Is that white fuzzy mold or just a reflection from the flash in the bucket? i would dump this if it were mine.

Also where did you get this bucket?
Bucket was from Lowe's, but food grade. Yeah, that's fuzz, not a reflection.
 
I'm no expert, but from the pics it looks like there is a lot of head space in the fermenter. A blanket of CO2 will keep nasties away but u can only ask so much of it. In my experience, you want the fermenter to be at least 2/3 to 3/4 full to help the CO2 do it's thing and not let household air get a leg up.
Thanks, I'll remember that for next time.
 
I would rack the beer from under the infection.
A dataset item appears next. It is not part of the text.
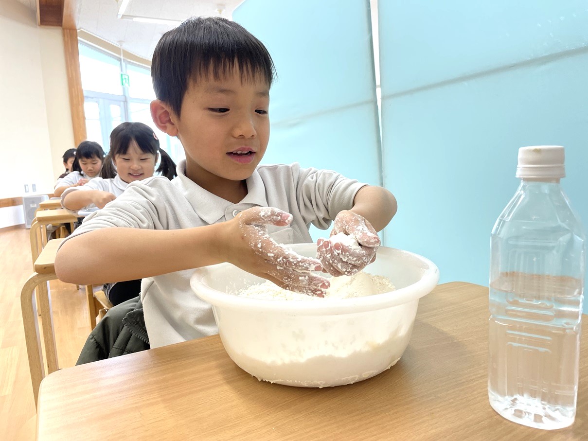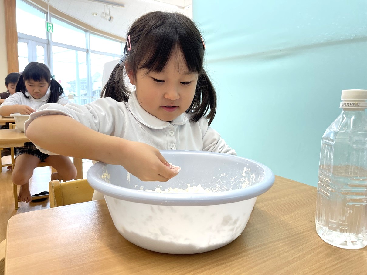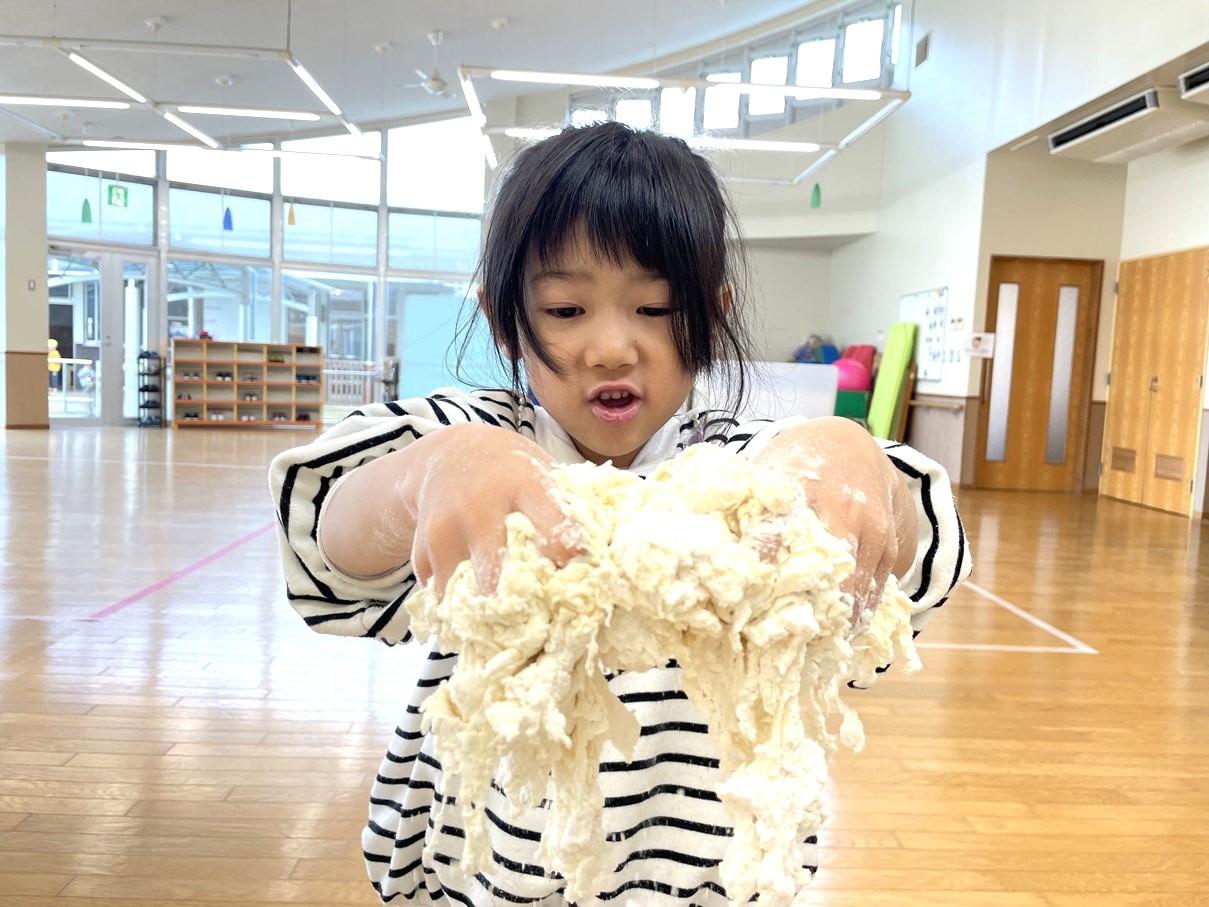 ぞう①グループでは、小麦粉粘土遊びで、自分たちで小麦粉粘土を作ることにも挑戦しました! まずは粉の状態で感触を味わった後、早速水を入れて好きな硬さの小麦粉粘土作りを行っていきます。 水を入れすぎないよう、慎重に水を入れることができました! 水を入れたら腕に力を入れて、一生懸命こねていきます。こねる度粘土になっていくことに、「すごい!固まってきた!」と驚く姿が見られていました。 完成した粘土で思い切り遊び、笑顔いっぱいの子どもたちでした☆

Leave a few inches that you don't suck up, bottle and give it a few weeks. I would definitely expect the worst, it looks terrible to me, but aside from wasting time it couldn't hurt. I had a one gallon batch of cider that got infected but was still really good. Although my wife hated it I actually liked the slight sour. Don't use the same bucket again.
 
I was meticulous about cleaning stuff, which was all new anyway, bleached the windowless room I stored it in, turned off the lights, closed the door, and didn't open the door until I took these pictures. Assuming that it's contaminated, what could I have done wrong? And assuming it's okay, does yeast/hops produce residues in five different colors? (white, black, green, tan, pink).

You don't say whether you had a lid on the bucket? If not, I'd guess that's how it got infected.
 
That is definitely mold and infection. That is not what normal hop residue and fermentation looks like. I would dump it.
 
That's a nasty looking infection. I would usually side with "rack it from the bottom..." etc, however this looks quite bad. Dump it. What kind of sanitizer are you using? I've never had an issue with Star-san. Works great.